PARIS – Invité par Google Europe à un séminaire de réflexion sur le déclin de la vérité, la montée des fake news et les moyens de l’enrayer, je commence par réinscrire la chose dans son histoire et son contexte.

Je cite les « Réflexions sur la guerre d’Espagne » où George Orwell explique que « l’histoire s’est arrêtée en 1936 » car c’est là, en Espagne, qu’il a découvert, « pour la première fois », des « articles de journaux qui n’avaient aucun rapport avec les faits » ; là qu’il a eu « l’impression » que c’est « la notion même de vérité » qui, ruinée par les fascismes rouge et brun, était « en train de disparaître de ce monde » ; et là, au fond, que Goebbels devint possible (« c’est moi qui décide qui est juif et qui ne l’est pas ») ou, un jour, Trump (« vous avez vos faits ? nous avons les nôtres – qui sont des faits alternatifs ! »).

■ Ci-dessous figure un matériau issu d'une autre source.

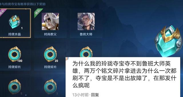- 所以在玲珑夺宝上架了第一时间,很多玩家都想去一睹真容,也有部分玩家按耐不住想要尝试一下的心情,毕竟金币在他们眼里确实也没有什么用,花费个几万金币,十几万金币也感觉不到有什么。 - 那么大家想不想知道花费10万金币究竟能够抽到什么呢?我想大部分玩家多少都尝试了一下,但是也没有死磕,如果死磕下去不知道要浪费多少金币,最主要的是还是奖励不够,让他们心动。 - 我在这里所说的死磕,就是如果没有中大奖,就一直抽下去。  - 要知道,这款游戏大部分玩家都是没有能力去积分夺宝的,我在这里所说的能力就是一直抽,直到抽到荣耀水晶为止。 - 那么我们在积分夺宝上体会不到的快感,可以用玲珑夺宝来代替,毕竟金币留着没有什么用,如果花费了十几万金币去单独的过个瘾,也是不错的选择。 - 游戏当中就有部分玩家花费了10万金币去参与理论多宝,希望能够过瘾的同时也能够拿到比较好的奖励。  - 可是事实上大部分的连抽都是拿不到任何实质上的奖励的,而在花费十几万金币之后也终于迎来了他玲珑夺宝的第一个大奖,也就是鲁班大师这个英雄。 - 那么在这里我也只能说花十几万买个教训,或者说花十几万过个瘾。 - 既然这个玲珑夺宝上架了,那么你不参与肯定是不舒服的,心里就像猫抓一样痒痒,那么花费十几万金币,最终拿到了一个永久英雄你也是舒服了。 - 不过我有一点不懂的是,既然都有十几万金币去进行零零多宝,为什么还没有这个英雄呢?  - 其实也不怪这个玩家,运气不好,大家可以看一下,官方给出的概率实在是太低了,无论是玲珑水晶还是鲁班大师,亦或者是姜子牙的皮肤,他们的命中概率只有0.01%,换算过来也就是万分之一的概率。 - 如果你真的想拿到这三个当中的其中一个奖励,你还真的就花费10万金币左右,甚至10万金币,你还不一定能够拿得到。  - 之前就说过,在这个模式里面根本就没有任何值得参与,没有任何有价值的奖品,有谁会去在这个模式里面死可呢? - 大家不妨换个角度去考虑一下,如果你是一个老玩家,你的金币已经有几十万,甚至100万了,那么用玲珑水晶兑换了这些回城特效也好,头像框也罢,你会没有吗?这些都是以前最基本免费就能获得的产物。
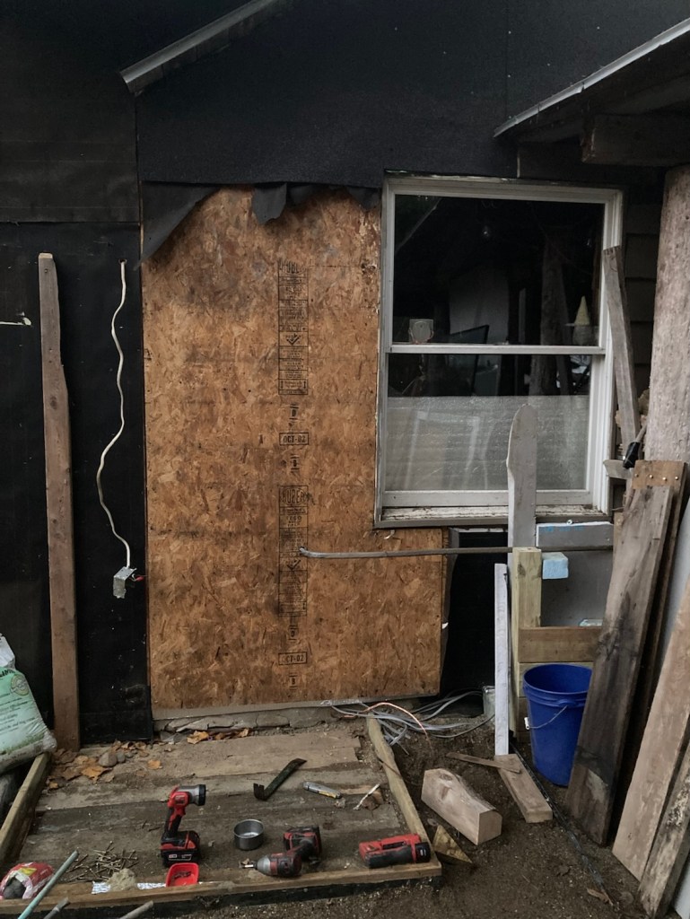 Buttoned up outside with improved insulation. Checking the weather to see what’s up tomorrow. The north wall rarely gets wet, but I’m eager to seal it up.
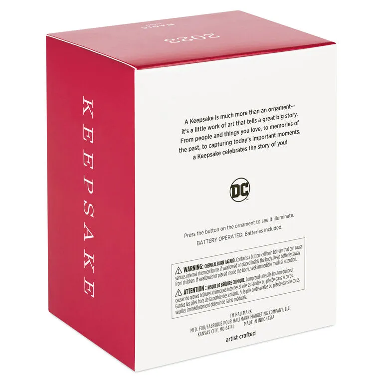 In Space Sector 2814 and elsewhere throughout the known universe, intergalactic peacekeepers of the Green Lantern Corps keep their power rings charged by using their distinctive lantern-shaped power batteries. Now Green Lantern’s light can brighten your holiday through this Christmas tree ornament that illuminates at the push of a button (battery-operated).
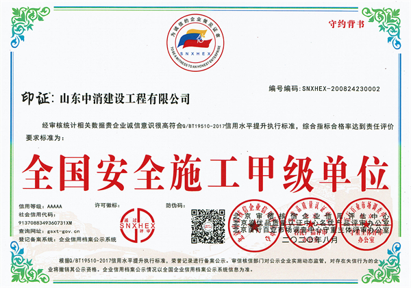 公司重視人才培養,秉承以人為本、和諧共享的發展方針。匯集了一批高水平高素質的工程專業管理人才,組建了一支實踐經驗豐富的工程技術專業隊伍,現有一級消防工程師10余人、二級注冊建造師20余人,高級工程師、工程師及助理工程師等30余人,經國家相關部門培訓合格的重點崗位專業技術人員50余人。目前已在濟南、青島、日照、濰坊、東營、德州、臨沂、淄博、菏澤、棗莊、滄州、新疆等地設二十余家分公司。
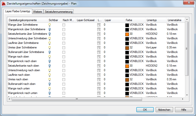 Folgendes Verfahren ist ein Beispiel dafür, wie die Darstellung von Treppenkomponenten in verschiedenen Geschossen eines Treppenhauses festgelegt werden kann.

Je poursuis en évoquant, en amont et en aval de cette révolution totalitaire, les ébranlements que furent : 1. le « criticisme » kantien, qui, en séparant le noumène du phénomène, en limitant notre connaissance au second et en posant que nous n’en pouvons savoir que ce qu’en laissent entrevoir les formes de la sensibilité, les catégories de l’entendement et les idées de la Raison, injecte dans le rapport à la vérité une part de subjectivité dont les partisans, par exemple, du Brexit seraient aujourd’hui les lointaines victimes ; 2. un « perspectivisme » nietzschéen qui, en faisant de la vérité un « point de vue », en faisant juger « vrai » le point de vue qui renforce un vivant et « faux » celui qui l’attriste et le diminue, provoque un deuxième choc dont on peut très bien imaginer que l’onde se soit diffusée jusqu’aux fake news de Poutine ou encore Trump ; 3. le « déconstructionnisme » de ces post-nietzschéens qui, en historicisant la « volonté de vérité » (Foucault), en en mettant l’objet « entre guillemets » (Derrida), en séparant cet objet de son référent (« la connaissance du sucre n’est pas sucrée », Althusser), en noyant son évidence, enfin, dans un nuage de graphes et de schèmes (Lévi-Strauss) ou de noeuds borroméens (Lacan), nous ont fait perdre le contact avec ce qu’il pouvait avoir, le Vrai, de simple, de robuste, d’irréfutable.